Le consumérisme a largement pénétré la sphère de la citoyenneté, le plus souvent pour le pire avec des demandes extravagantes de toujours plus et d’insatisfaction chronique où la satisfaction immédiate et l’intérêt à courte vue d’individus à l’autonomie égocentrique l’emportent sur un comportement raisonnable.
Je m’en suis souvent inquiété et je m’en inquiète encore.
Sur le principe, on ne peut que se montrer critique sur ce phagocytage de la politique par les codes consuméristes.
Cependant, au lieu de refuser de manière stérile un mouvement qui semble se répandre inéluctablement, il vaut nettement mieux l’accompagner et l’encadrer afin de bloquer ses effets négatifs et ressortir ses points positifs.
Car, à y regarder de plus près, cet «entrisme» du consumérisme dans la politique n’est pas obligatoirement ce danger existentiel pour la démocratie républicaine qu’il semble à première vue.
Mais, pour cela il faut deux conditions impératives.
La première est l’absolue nécessité de la responsabilité du «consommateur» et cela passe par sa formation et son information qui lui permette d’utiliser son autonomie aux mieux de ses intérêts et de ceux de la communauté dans laquelle il vit.
La deuxième est que ce «marché» où vient faire ses emplettes le citoyen soit un lieu où l’on traque sans relâche les «produits» dangereux ou défectueux, la fraude et la publicité mensongère pour offrir réellement le meilleur choix et la meilleure qualité possibles.
Parce que s’il s’agit uniquement d’avoir le comportement d’une personne qui consomme sans frein et sans satiété, surtout sans se poser de questions sur les conséquences de ses choix, alors le consumérisme politique sera le cimetière de la démocratie.
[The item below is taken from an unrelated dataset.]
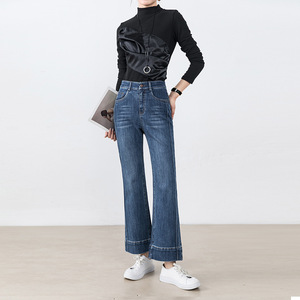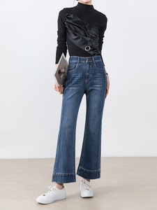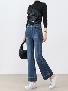 高腰微喇牛仔裤女显瘦2025秋季新款弹力百搭小个子九分直筒喇叭裤

Et si ce vaste marché de la démocratie ressemble comme deux gouttes d’eau à celui des biens, alors il sera également largement gangrené par des produits insécures ou inutiles qui auront un aspect des plus séduisants et seront promotionnés par une communication qui vendra du rêve et des paillettes mais qui causeront d’énormes dégâts et seront source de déception donc de mécontentement qui toucheront, certes les «produits» politiques mais également le «marché» de la démocratie avec une méfiance, voire une défiance, envers les valeurs, les principes et les règles sur lesquels elle repose et qui la font fonctionner.
Bien sûr, in fine, ce doit être le citoyen-consommateur bien formé et informé, conscient de ses intérêts qui doit être capable de séparer le bon grain de l’ivraie.
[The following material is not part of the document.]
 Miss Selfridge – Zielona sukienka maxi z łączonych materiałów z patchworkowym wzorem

On le voit, les conditions d’acceptation d’un tel marché consumériste sont élevées.
Mais il ne peut en être autrement pour que ne soient pas dévoyées les valeurs humanistes de la démocratie.
Mais si il est réellement possible de les mettre en œuvre, alors cette capacité du citoyen à choisir le meilleur en toute connaissance de cause ainsi qu’en responsabilité et en déjouant les pièges populistes, les discours démagogiques, les tromperies idéologiques et autres chausse-trapes auxquels il sera confronté, alors la démocratie sera plus forte, plus solide et permettra d’obtenir de meilleurs résultats pour l’ensemble de la société et de ses membres.
Les mouvements de consommateurs qui se sont créés dans les années 1960 et 1970 avaient comme objectif de défendre le consommateur contre ces mauvais produits en se battant pour que les industriels fabriquent et les commerçants vendent de la qualité et pour qu’ils soient vendus au juste prix (c’est-à-dire au meilleur rapport qualité/prix et, non, contrairement à ce que l’on croit, au prix le plus bas possible au risque d’une mauvaise qualité, voire pire, d’une désorganisation de l’économie), tout en responsabilisant le consommateur dans ses choix, sa manière de consommer et une éthique générale face aux produits et à la façon de les confectionner.
Dès lors, si le citoyen devient un «consommateur de politique» responsable, il pourra être un vrai pilier de la démocratie républicaine.
Dans le cas contraire, il en sera un de ses pires ennemis, mettant en jeu l’existence même du régime.
Et c’est bien, malheureusement, le chemin que suivent actuellement une grande partie de la population dans la plupart des pays, en particulier dans les démocraties républicaines.
Dans un comportement du «toujours plus», nombre de ces citoyens-consommateurs semblent prêts à suivre les yeux fermés n’importe quel camelot qui, du haut de son estrade lui vend des promesses-miracles évidemment irréalisables.
Il est donc temps, avant qu’il ne soit trop tard, de les émanciper en leur donnant les capacités d’avoir les yeux grands ouverts.